Potassium trifluoromethanesulfonate
- Names: Preferred IUPAC name potassium;trifluoromethanesulfonate

Identifiers
- CAS Number: 2926-27-4;
- 3D model (JSmol): Interactive image;
- ChemSpider: 2015749;
- ECHA InfoCard: 100.106.411
- EC Number: 608-334-4;
- PubChem CID: 23664779;
- CompTox Dashboard (EPA): DTXSID50635402;

Properties
- Chemical formula: CF_{3}KO_{3}S
- Molar mass: 188.16 g·mol^{−1}
- Appearance: white powder
- Melting point: 235 °C (455 °F; 508 K)
- Solubility in water: Soluble
- Hazards: GHS labelling:
- Pictograms: GHS07: Exclamation mark
- Signal word: Warning

= Potassium trifluoromethanesulfonate =

Potassium trifluoromethanesulfonate is the potassium salt of trifluoromethanesulphonic acid with the chemical formula CF3KO3S.

==Synthesis==
The compound can be prepared by neutralizing a warm aqueous solution of trifluoromethanesulphonic acid with potassium carbonate.

==Physical properties==
The compound forms a white hygroscopic powder.
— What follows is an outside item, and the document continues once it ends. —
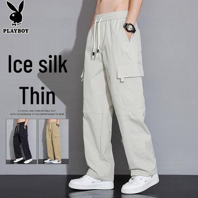 PLAYBOY Men's Ice Silk Cropped Tapered Pants
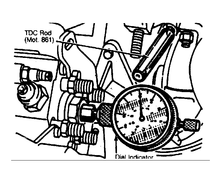 - Rotate crankshaft clockwise 2 revolutions, remove screw plug from TDC access hole in cylinder block, and install TDC Rod. See Figure. Move timing control lever to detent position. Ensure clearance between timing control lever and lever stop is .020 in. (.50 mm).

Soluble in water.

==Chemical properties==
The compound reacts with sulfuric acid and, after distillation, produces trifluoromethanesulfonic acid.

==Uses==
Potassium trifluoromethanesulfonate is used as a reagent in the creation of guanine-quadruplex hybrid materials. Additionally, it functions as a supporting electrolyte during electrochemical investigations that provide evidence for the presence of gold anions in ethylenediamine.

The compound can also be used as a component of the molten salt electrolyte in batteries.